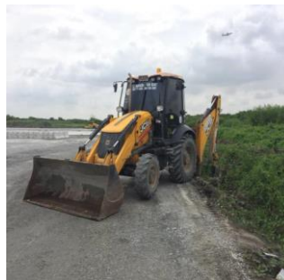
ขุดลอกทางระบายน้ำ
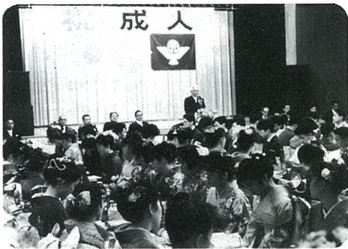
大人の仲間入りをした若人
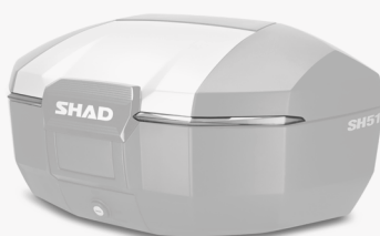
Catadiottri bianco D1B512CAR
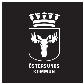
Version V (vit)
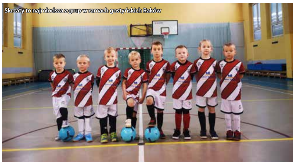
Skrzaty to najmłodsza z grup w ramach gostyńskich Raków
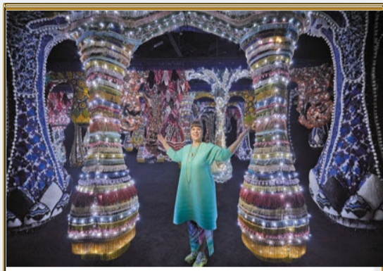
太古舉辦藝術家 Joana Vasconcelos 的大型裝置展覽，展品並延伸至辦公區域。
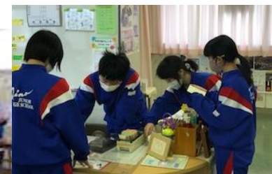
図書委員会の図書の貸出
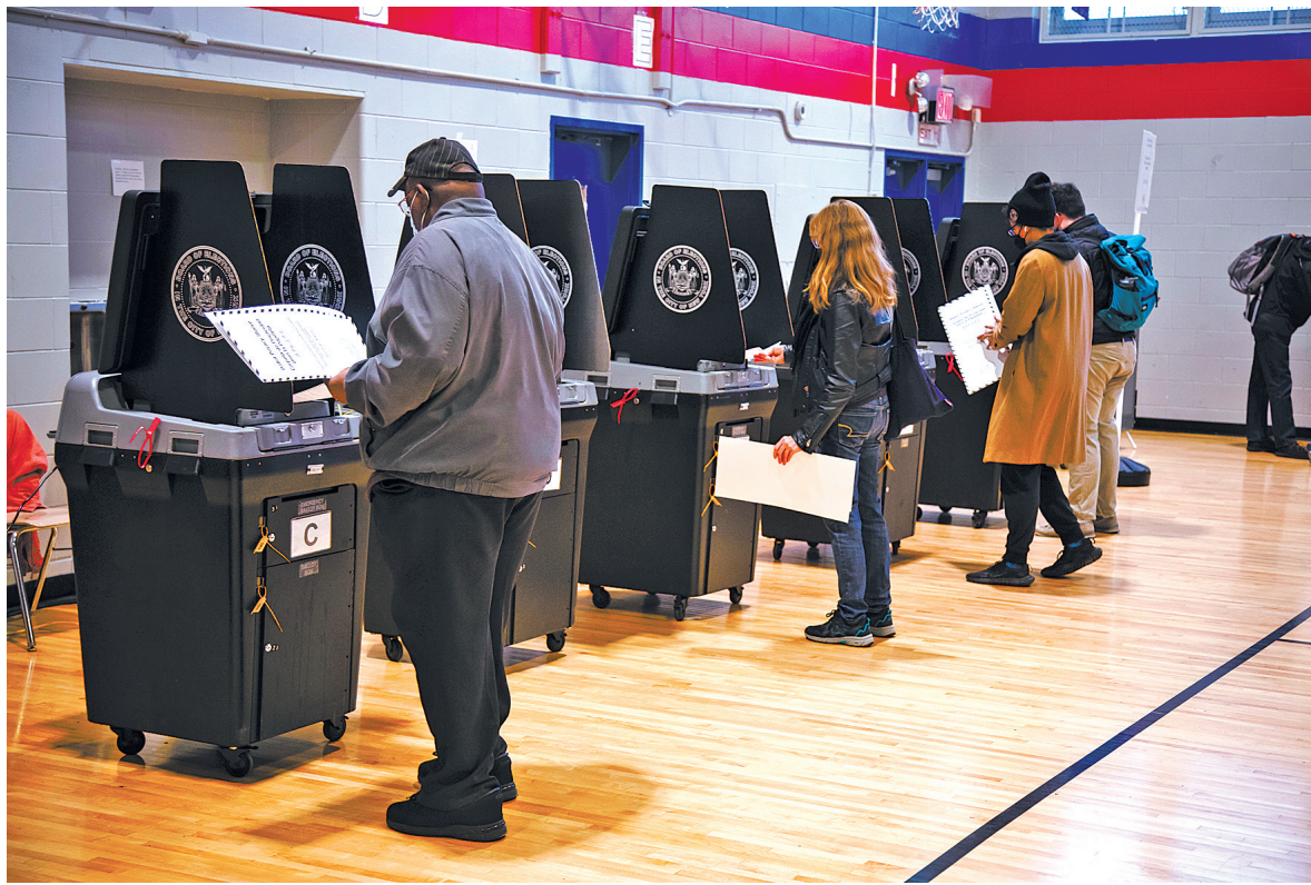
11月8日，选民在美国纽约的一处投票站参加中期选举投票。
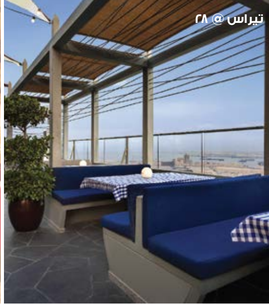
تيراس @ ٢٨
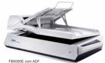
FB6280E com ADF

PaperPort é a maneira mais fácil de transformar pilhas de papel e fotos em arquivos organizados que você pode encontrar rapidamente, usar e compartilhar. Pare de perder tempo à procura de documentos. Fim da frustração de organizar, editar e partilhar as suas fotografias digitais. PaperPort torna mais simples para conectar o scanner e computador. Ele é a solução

----------

Using the records above, return verbatim only the part that opens with the line containing "Catadiottri bianco D1B512CAR" and closes with the line containing "FB6280E com ADF"; pictures stay out.

## WRITTEN REPLY
Catadiottri bianco D1B512CAR
Version V (vit)
Skrzaty to najmłodsza z grup w ramach gostyńskich Raków
太古舉辦藝術家 Joana Vasconcelos 的大型裝置展覽，展品並延伸至辦公區域。
図書委員会の図書の貸出
11月8日，选民在美国纽约的一处投票站参加中期选举投票。
تيراس @ ٢٨
FB6280E com ADF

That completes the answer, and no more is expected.